The Identicals

Out back, Richie is driving a front-end loader and directing his crew of five. He already has half the yard cleared; Tabitha can’t get over how much better it looks.

She is thrilled at the transformation of the house, but something feels off. Maybe it’s Richie, she thinks. Franklin and Richie ate their sandwiches out back, sitting side by side on the bumper of Franklin’s truck. Tabitha decided to let them have time alone to catch up, and Franklin either noticed and didn’t say anything or didn’t notice. His attitude toward her is one degree cooler than usual, she thinks. She worries that the story about Julian has changed things. Franklin sees her differently—and not for the better. He must see her now as a person who failed at the most basic task that we, as humans, are given: to keep our children alive.

Tabitha closes herself in the powder room—which, at the moment, is the only functioning bathroom—and splashes water on her face. She needs to get a grip! There is no way someone as evolved as Franklin would think less of her because she lost a child. He went through so much with his girlfriend Patti; surely of all the men Tabitha knows, Franklin is the most equipped to handle the story of Julian.

So then what’s wrong?

Probably he’s just tired. And Tabitha is tired and upset about Harper. And it’s hot. She needs to stop imagining things.



That night, Franklin announces that he and Richie are going to dinner at Offshore Ale and then, most likely, they’re going night fishing.

“Oh,” Tabitha says. “Okay.” She feels stung but tries not to let it show.

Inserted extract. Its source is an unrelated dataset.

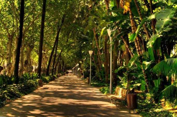 Міський парк, розташований уздовж набережної, звідки відкривається чудовий краєвид на порт Малаги. У парку створено інфраструктуру для комфортного відпочинку всією сім'єю. Тут є дитячі майданчики, зручні лави, фонтани, кафе, лужка з екзотичними рослинами. Дизайн "Пальмового сюрпризу" - яскравий приклад сучасних тенденцій у галузі садово-паркового мистецтва.
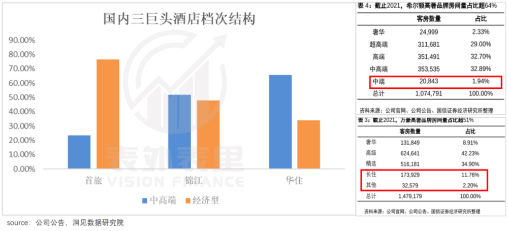 具体来看,国内连锁酒店三巨头,经济型酒店占比最低也超过三成,反观海外标杆酒店,万豪精选以下档次占比仅有14%,希尔顿中端房间更是低至1.94%。

Franklin kisses her good-bye on the nose. The nose, as though she’s five years old! Richie is already outside climbing into Franklin’s truck, so Tabitha grabs Franklin by the shirt buttons and says, “Hey.”

“Hey what?”

“Is something wrong?”

“No,” Franklin says.

“Then kiss me like you mean it, please.”

Franklin looks at her a second, then he places his hands on either side of her face and delivers the sexiest kiss she has ever received. It’s not too much; if anything, it’s just shy of enough. She wants—needs—deeper, longer, harder. Her legs have turned to sawdust, dandelion fluff, something that can be blown away.

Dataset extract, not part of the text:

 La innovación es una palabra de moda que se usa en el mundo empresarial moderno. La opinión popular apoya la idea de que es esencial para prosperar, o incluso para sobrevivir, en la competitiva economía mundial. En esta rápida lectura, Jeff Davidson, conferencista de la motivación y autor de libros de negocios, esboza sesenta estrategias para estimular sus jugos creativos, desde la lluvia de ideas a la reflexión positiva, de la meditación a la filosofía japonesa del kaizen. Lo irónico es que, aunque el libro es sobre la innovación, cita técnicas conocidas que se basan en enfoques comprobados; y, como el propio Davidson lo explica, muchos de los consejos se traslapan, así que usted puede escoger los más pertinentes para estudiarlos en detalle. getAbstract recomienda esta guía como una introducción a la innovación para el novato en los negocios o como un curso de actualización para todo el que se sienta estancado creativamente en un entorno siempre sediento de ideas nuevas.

“Was that what you wanted?” he asks.

She can’t speak.

“Okay, then,” he says. He turns and walks out the door.



Tabitha puts a second coat of Paul Revere’s Ride on the powder-room walls—then, since she’s on a roll, she starts on the lavender room with an oil-based primer called Kilz. She bids the lavender adieu. There is zen in painting, she finds, but her mind keeps turning over the slight changes in Franklin’s behavior. They went from a full-on sex-and-love binge to… well, they’d had sex early that morning before Tad and Richie arrived, but sex isn’t exactly what Tabitha is craving. She misses tenderness: hand-holding, Franklin’s finger running along her cheekbone, his mouth on the back of her neck.

Tabitha imagines Franklin and Richie out at Offshore Ale, flirting with the young waitresses in tight T-shirts and short shorts; Franklin probably knows them all by name. As the walls of the lavender bedroom become white, Tabitha writes a story across them. Franklin follows one of the young waitresses into the kitchen; they find a dark corner—a pantry, maybe, or the room where the kegs are stored—and Franklin kisses the waitress the way he has just kissed Tabitha. The waitress slides her hand down the front of Franklin’s jeans.

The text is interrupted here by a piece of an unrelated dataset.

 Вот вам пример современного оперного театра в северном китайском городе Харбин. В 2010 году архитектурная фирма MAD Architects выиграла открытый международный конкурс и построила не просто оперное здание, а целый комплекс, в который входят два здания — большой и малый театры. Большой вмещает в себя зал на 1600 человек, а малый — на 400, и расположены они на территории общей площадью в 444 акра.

Tabitha wonders what he meant by “night fishing.” Will they actually go fishing at night, or is it a euphemism for something else?

Stop! she tells herself. The door to the bedroom is closed; possibly the fumes are getting to her. She has no reason to doubt Franklin. But he is a single man out with one of his single friends; they are drinking. And who’s to say this relationship is exclusive? They haven’t defined it; they haven’t set any boundaries or parameters. They’ve basically been living together for two weeks, but Franklin hasn’t called her his girlfriend. He didn’t take her to meet his parents. She hasn’t been back to his house since that first night; she never learned the address, and she isn’t confident she could find it again, although she’s pretty sure it’s somewhere in Oak Bluffs.

What does Tabitha know about him, really? He picked her up at a bar. Who’s to say he won’t pick up someone else tonight? She should go somewhere—to dinner or the movies. She overheard someone at Skinny’s today talking about eating at Alchemy. Tabitha could easily take a shower, put on a dress, and go find trouble of her own.

Instead she pulls a beer out of the cooler that Franklin keeps on the back deck, then she fishes one of the Ambien she stole from Eleanor’s stash out of her purse. She is so agitated that she takes a second Ambien and wanders up to the master bedroom because it’s now the only place to sleep. She lies facedown on her father’s bed and thinks that she would like to cry. Except that she’s suddenly too tired to summon the effort.



She hears footsteps on the stairs and opens her eyes to see Tad in his Carhartts, carrying his tiling trowel. He walks past her into the master bathroom. Tabitha’s mouth is cottony. She wants to sit up, but she can’t. She succumbs.



She opens her eyes. Where is she? It takes her a minute: Nantucket, she thinks. No—the Vineyard. Billy’s house, Billy’s room. She turns her head; her neck is stiff.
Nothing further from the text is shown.